King looked at Stanton squarely. “You tell me, Major. With old man Emory as this regiment's colonel, Carr's had actual fighting and field command of the Fifth since 1868. Seems to me the government's going to spend a hell of a lot of money and get a bunch of soldiers killed teaching all these armchair generals like Crook and Terry and Merritt how to fight. But what have you got to say, Major? You were with Reynolds on the Powder River yourself. Reynolds
is a colonel. So you tell me, sir. Should Reynolds have been in charge on the Powder … or should he have left the fighting to the men who know how to fight Injuns?”

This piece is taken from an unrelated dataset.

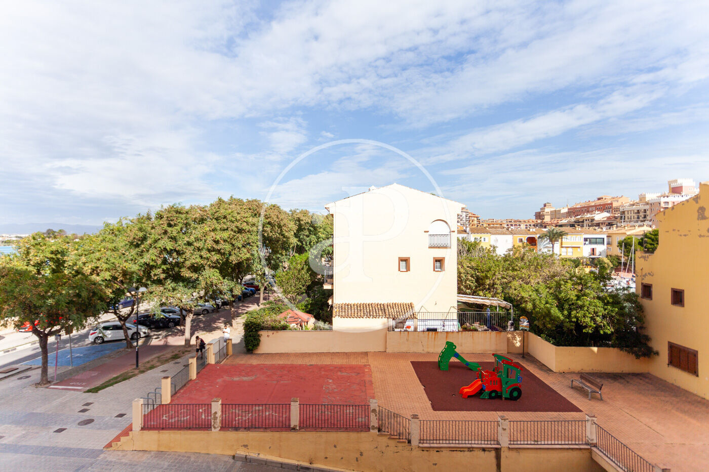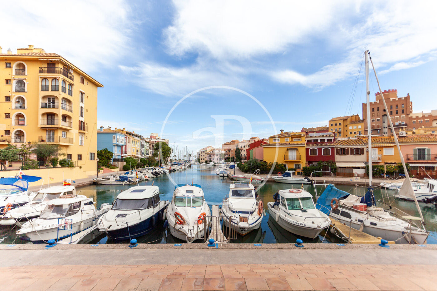 El saló s’obri a un balcó que regala captivadores vistes al moll i al canal, un escenari idíl·lic que convida al sotsobra i al gaudi quotidià. Gràcies a la seua orientació i amplitud, l’habitatge desplega una lluminositat excepcional que realça cada racó. El sòl de parquet acabat d’instal·lar aporta calidesa i distinció, mentre que el split d’aire condicionat assegura el màxim confort durant tot l’any.
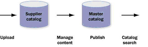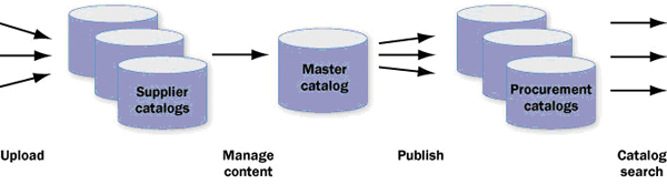 You then map the supplier catalogs' schemas to the master catalog, which is the repository of all items brought into SAP CCM. The master catalog validates the data, approves it if controls segregation is required by the business, and selects it for publishing. The master catalog schema can be different than those of the supplier catalogs (e.g., the master catalog schema could have a warehouse and an external purchases section, each with its own subcategories based on material groups).

Turning on his heel, King stomped off, feeling the anger rising in himself like a boil, sensing what he was sure had to be Carr's own great personal disappointment at being stripped of field command of the Fighting Fifth, here as his beloved regiment stood on the brink of jumping into the Sioux War with both boots.

Chapter 6
26 June 1876

“W
hat do you figure that is?” Seamus asked the half-breed scout, who was stretched on his belly beside the Irishman atop a hill a few miles north of Crook's Goose Creek base camp early that Monday afternoon.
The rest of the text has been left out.